I got the physical okay from my OBGYN and because I was still unable to get mental health at this time, went for it. I was so lucky that I could have the opportunity to try again and I was beyond lucky that I did so easily. I got pregnant with my daughter two months after losing my son. Though the pregnancy was not complicated physically it was emotionally and mentally destructive for me. Because of my blood clot, I had to inject myself every single day for fifteen months. The injection was painful and annoying, but more, it was a daily reminder of what happened before and could happen again. I finally found a therapist who saw me from six months until delivery and that did help a little. My daughter was born just two days shy of Zeek’s one-year anniversary, January 13, 2020. I have a happy, healthy seventeen-month-old baby girl, and when she first let out her battle cry, I cried….. I cried for so many reasons.
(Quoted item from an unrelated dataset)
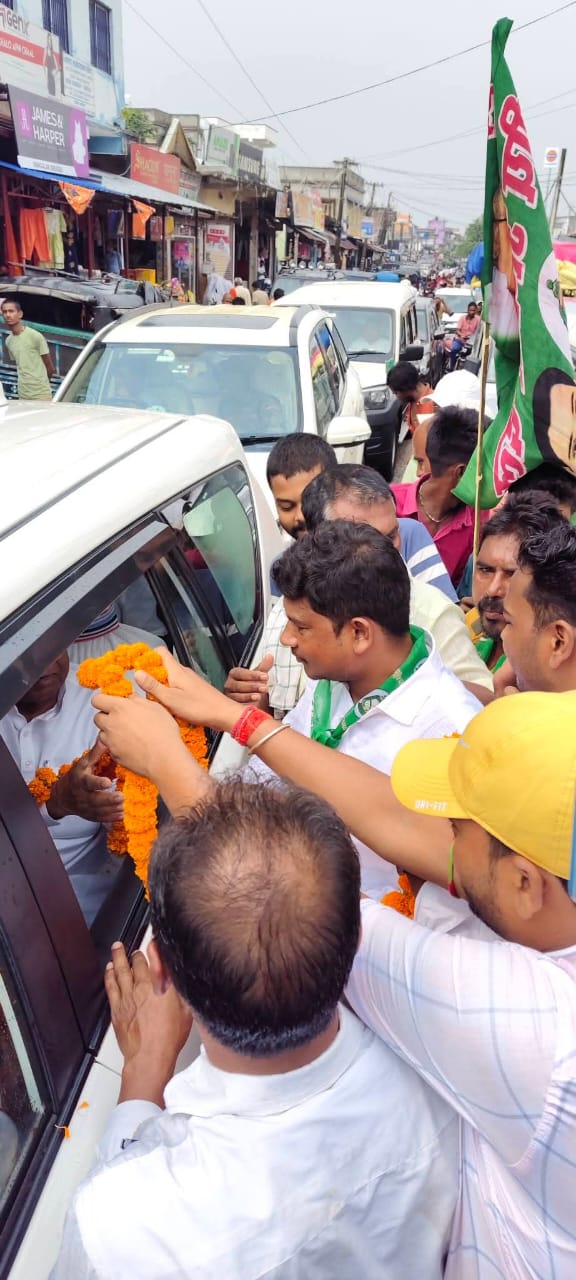 किसान और नौजवानों की आवाज बुलंद करता रहा है और आगे भी जनता की उम्मीदों पर खरा उतरेगा।कार्यक्रम में बड़ी संख्या में स्थानीय नेता और कार्यकर्ता मौजूद रहे। पूरे स्वागत समारोह के दौरान उत्साह और जोश का माहौल देखने को मिला। इस मौके पर राजद प्रखंड अध्यक्ष चंदन सिंह, पूर्व विधानसभा प्रत्याशी अविनाश मंगलम, युवा राजद जिला अध्यक्ष वसरुद्दीन उर्फ वशिर, सूरज देव, संजीव पासवान, कुंदन महतो, नयन मेहता इत्यादि कार्यकर्ता थे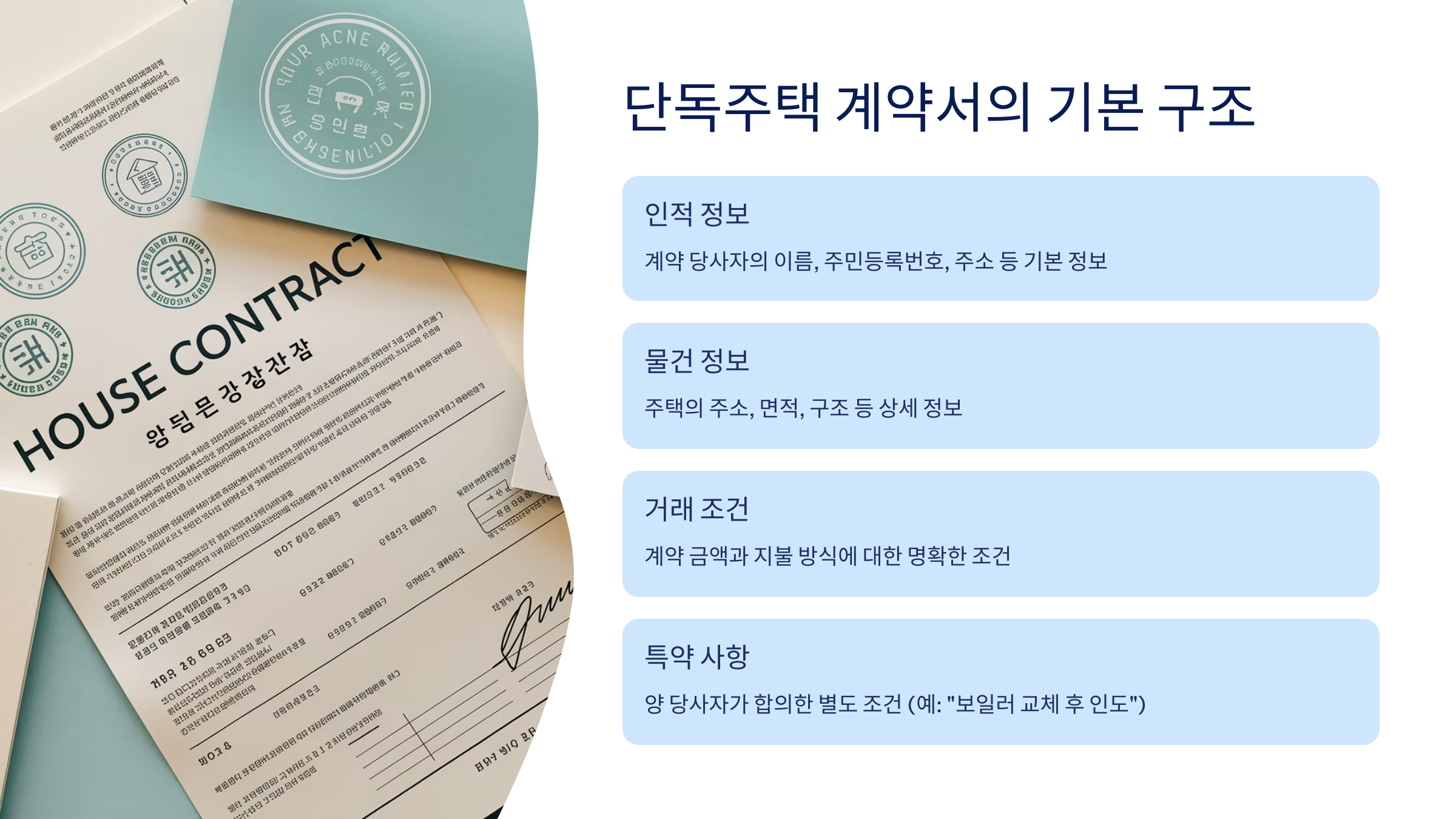 계약서를 쓸 때 가장 중요한 건 '꼭 들어가야 할 조항'을 빠뜨리지 않는 거예요. 특히 단독주택 거래는 건물 상태나 하자 여부, 건축허가 관련 이슈가 많아서 조항 하나하나가 무척 중요하답니다.

My daughter was born four weeks before the United States shut down. With that shut down came my shut down. The fear I had lived in for the past two years boiled over. I had a prolapse from having three babies in four years, mentally and emotionally I had nothing left. I didn’t want to kill myself and yet didn’t really want to be living either. I had two beautiful children, a husband who fought next to me and with me, and yet, I was not okay. The pandemic put me over the edge. It was too much fear for too long for my body and my mind.

I sought more help, I was put on meds and am still on them and proud of it. I started working with my old mentor and we rehabilitated me physically.
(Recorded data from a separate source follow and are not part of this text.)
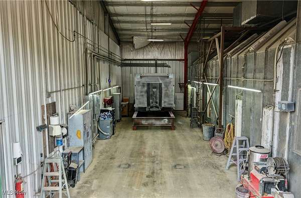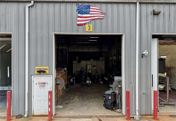 Located in West Lafayette with convenient access to US-36 and I-77, this 2.171-acre property features two industrial buildings, an office, and a block garage, offering a wide range of potential uses. * Main Building (110' x 60') * 5 bays total * Bay #5: BlastOne blast booth (16'W x 14'H x 50'L) with Clemco 6 cu. ft. blasting pot, dust collector, and new reclaim system * Bay #4: 16'W x 14'H x 50'L with 1.2 mil. BTO bake cycle oven (heats to 140 degrees with cross draft) * Bay #3: Open bay with 9'x12' mix kitchen, utility room, and restroom * Bay #2: Same as Bay #4 with bake oven setup * Bay #1: 60'x20' open bay * Bays 1-3: 12'x14' overhead doors | Bays 4-5: 14' doors + 20'x14' overhead doors * Steel frame, open span construction with 16'x32' cold storage addition * Heated with in-floor radiant heat * 480V 3-phase electric service * Includes 40' container with 25hp Quincy air compressor Second Building (40' x 100' + 19' x 29' lean-to) * 5 bays with overhead doors * Gas ceiling space heaters, air lines, and restroom * Office Building * Main office + 2 private offices * Break room, restroom, and utility room * Central air and natural gas heat Utilities: Natural gas, central air, water well, and septic This is a rare offering with tremendous versatility-perfect for industrial, fabrication, service-based, or storage use. Seller requests a no-compete clause for existing customers only.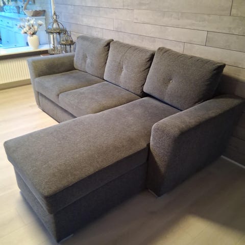 Sovesofa med mulighed for udtræk til seng og stor opbevaring i chaislong med plads til to dyner, puder og sengetøj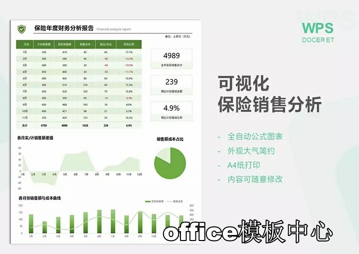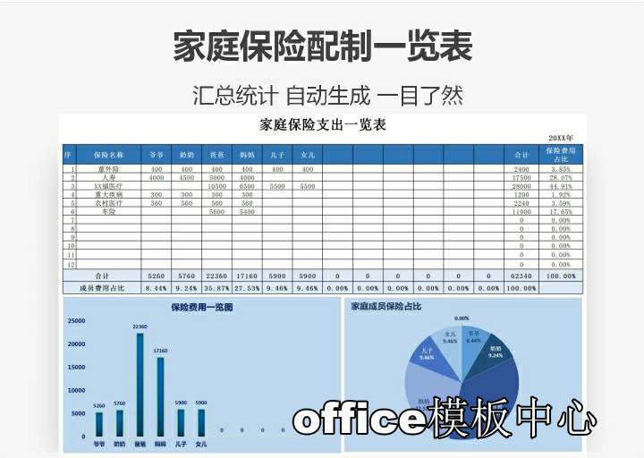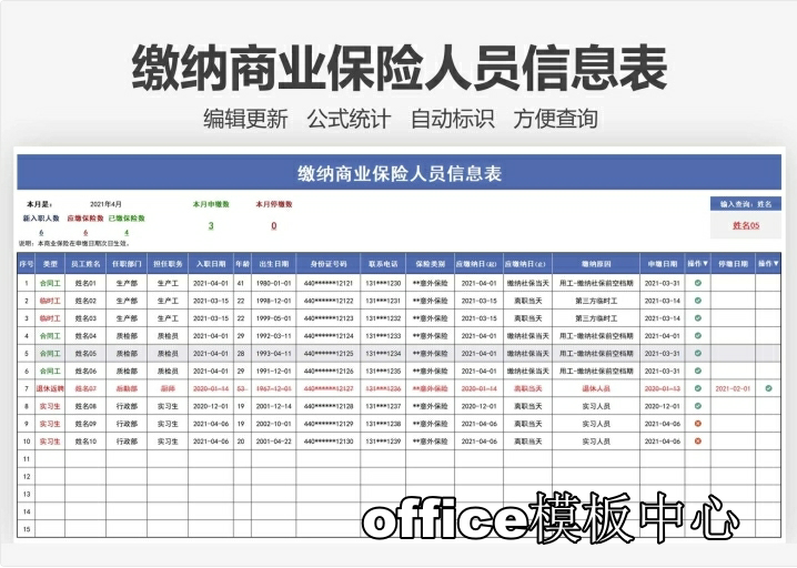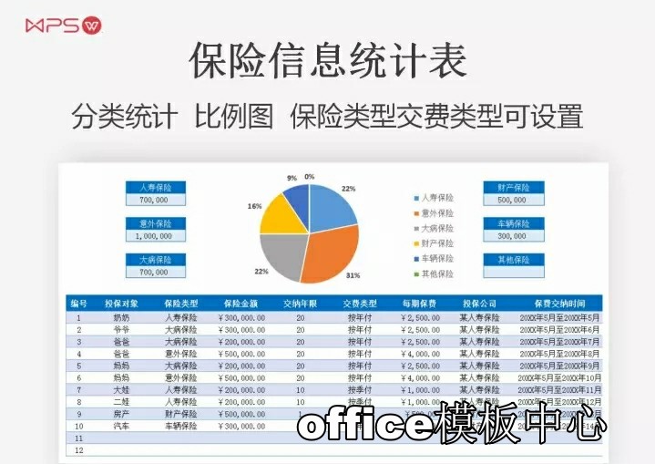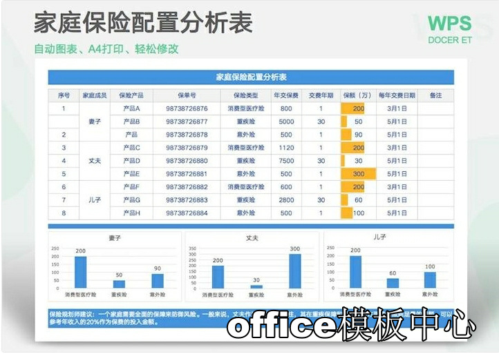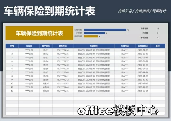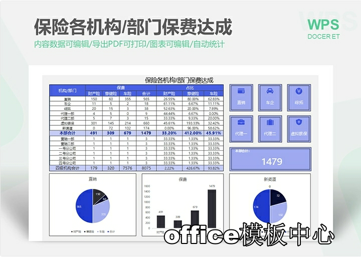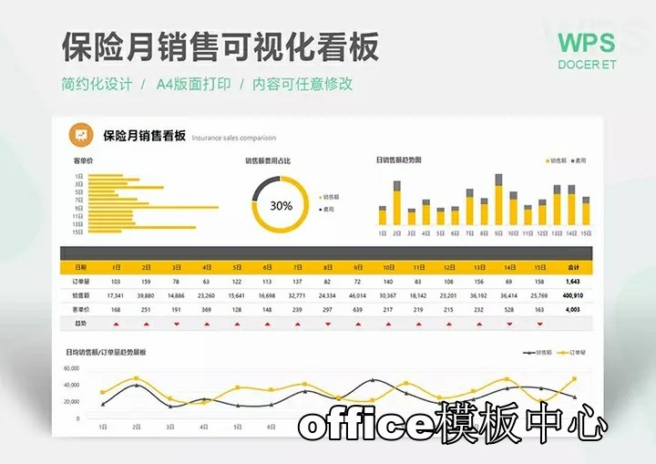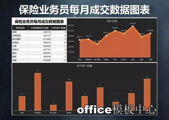 保险投保客户登记保险销售分析报表业务员每月成交理赔Excel表格

Loss and grief of any kind can feel unbearable. Loss of something that never quite was to the rest of the world put me into this grey area. This place is hard to explain and hard to exist in. Did I have a son? Do I have the right to grieve my child? Did this all actually happen? I have his footprints on my desk to prove it. I have some of his ashes in my bedroom and some on a mountain that we go visit. Zeek would have been two years old in May. Would he have had blue eyes like my husband or would they have turned brown like mine and my son’s or grey like my daughter’s? Would he have been adventuresome? Would he have loved to read? What would have been his first word and when would he start walking? What would he be like as he got older? I will never have answers to these questions, but I will always remember his fight and his kick, kick, kick. His ability to reach out to me and give me peace. His way of telling me he loved me and that he knew he was safe for as long as he could be. I wish I would have held him longer.

I still daydream about having a house full of kids. And if you asked, I would tell you I have three of my own. And I exist in a world where I know grief and loss and sadness and absolute fear. And in this world, I have found some of the bravest, strongest, smartest, compassionate women. These women know what I know and feel what I feel. I am surrounded by their love. They are my family and their lost babies are part of my story. I talk to Zeek often. I know he is around me and that he is loved. I know he is with the beautiful babies of the women who have held me up. Who knows what I know, who feel what I feel. Kick, kick, kick.